§ **Task directions**: With the images excluded, set down every line of the listing below exactly.
(Source data Opens)
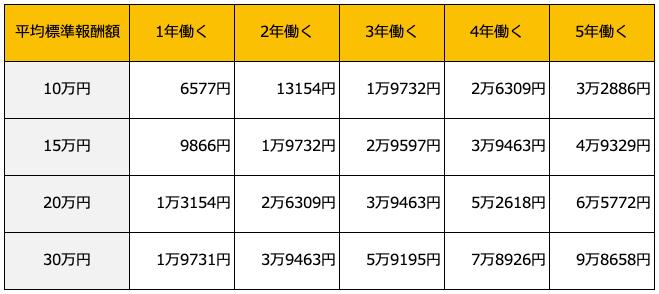 平均標準報酬額や働く期間を変えて計算すると、以下のようになります。
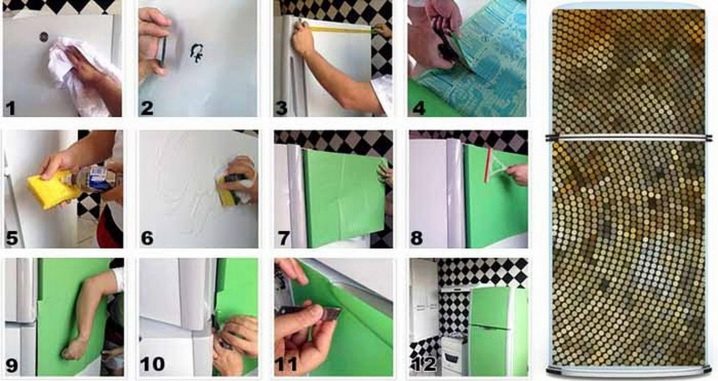 Ако има нужда от повторно декориране на хладилника, тогава старият филм трябва да бъде премахнат. Обикновено виниловите стикери се отстраняват лесно. Ръбът на филма се удължава с нож и се отлепя по диагонал. Останалото лепило бързо се отмива с гореща вода. За по -задълбочено почистване на повърхността мнозина използват и спирт..
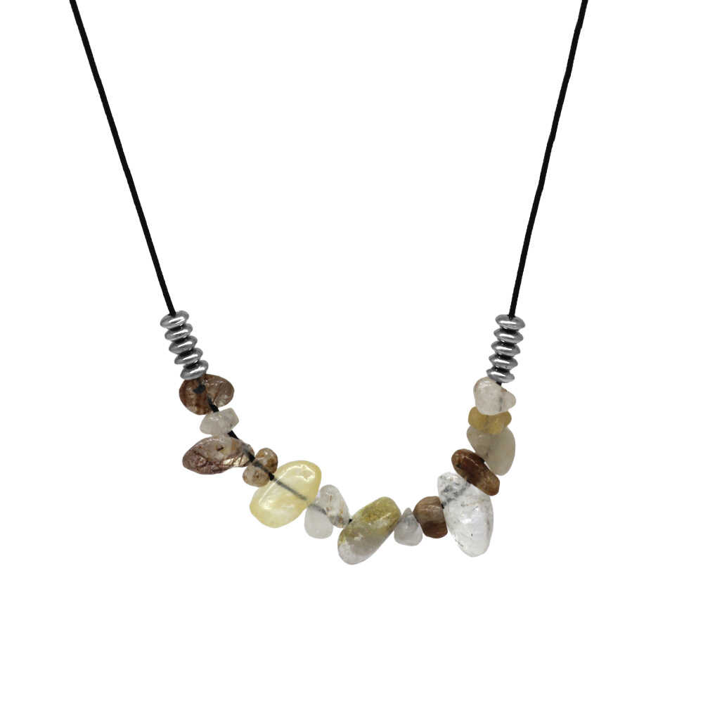 Zarif İp Zincirli Doğal Form Rutil Kuvars Doğaltaş Kadın Kolye
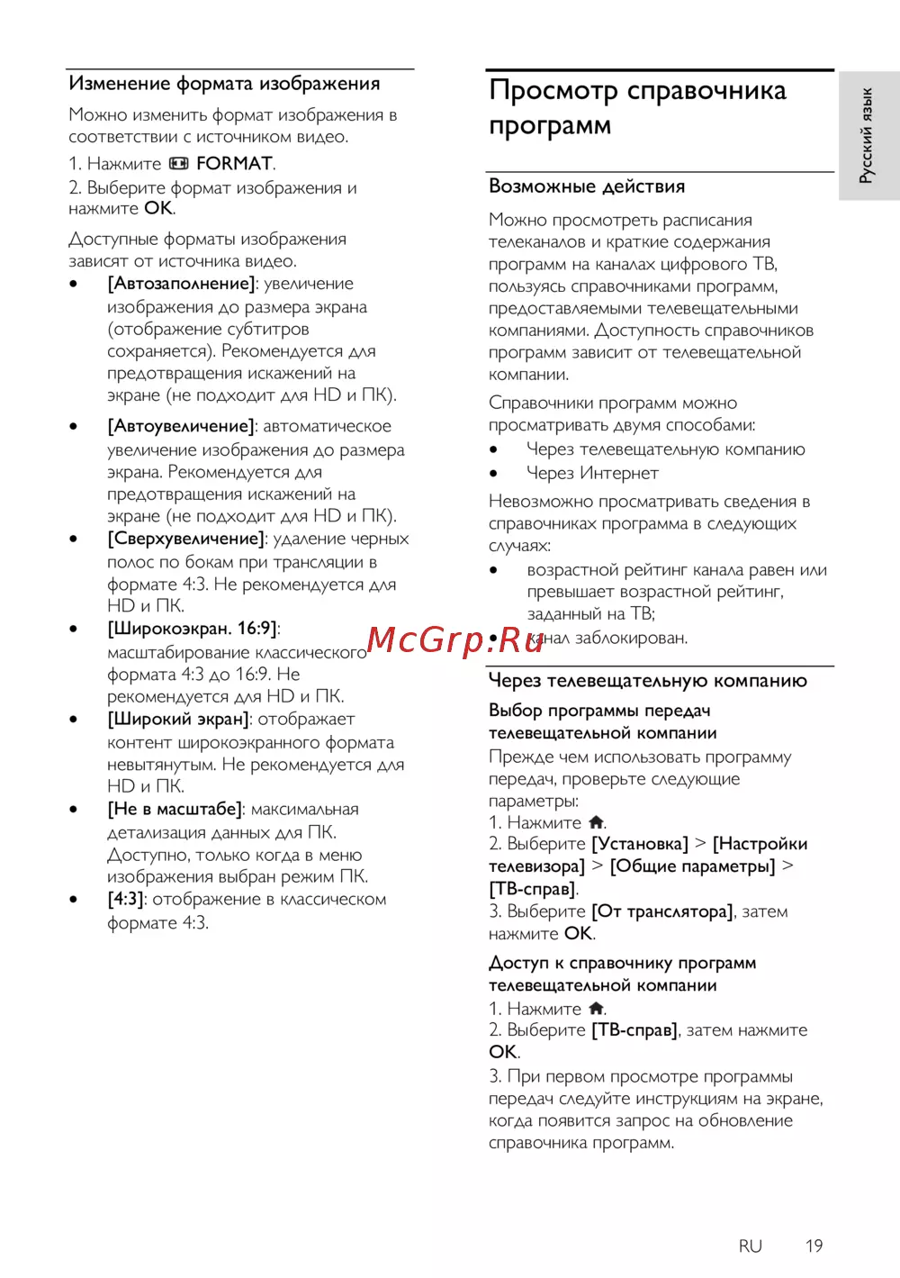 Philips 32PFL4508T/60 — изменение формата изображения и доступ к программам ТВ [19/90]
(Source data Closes)
§ **Response below**:
 平均標準報酬額や働く期間を変えて計算すると、以下のようになります。
 Ако има нужда от повторно декориране на хладилника, тогава старият филм трябва да бъде премахнат. Обикновено виниловите стикери се отстраняват лесно. Ръбът на филма се удължава с нож и се отлепя по диагонал. Останалото лепило бързо се отмива с гореща вода. За по -задълбочено почистване на повърхността мнозина използват и спирт..
 Zarif İp Zincirli Doğal Form Rutil Kuvars Doğaltaş Kadın Kolye
 Philips 32PFL4508T/60 — изменение формата изображения и доступ к программам ТВ [19/90]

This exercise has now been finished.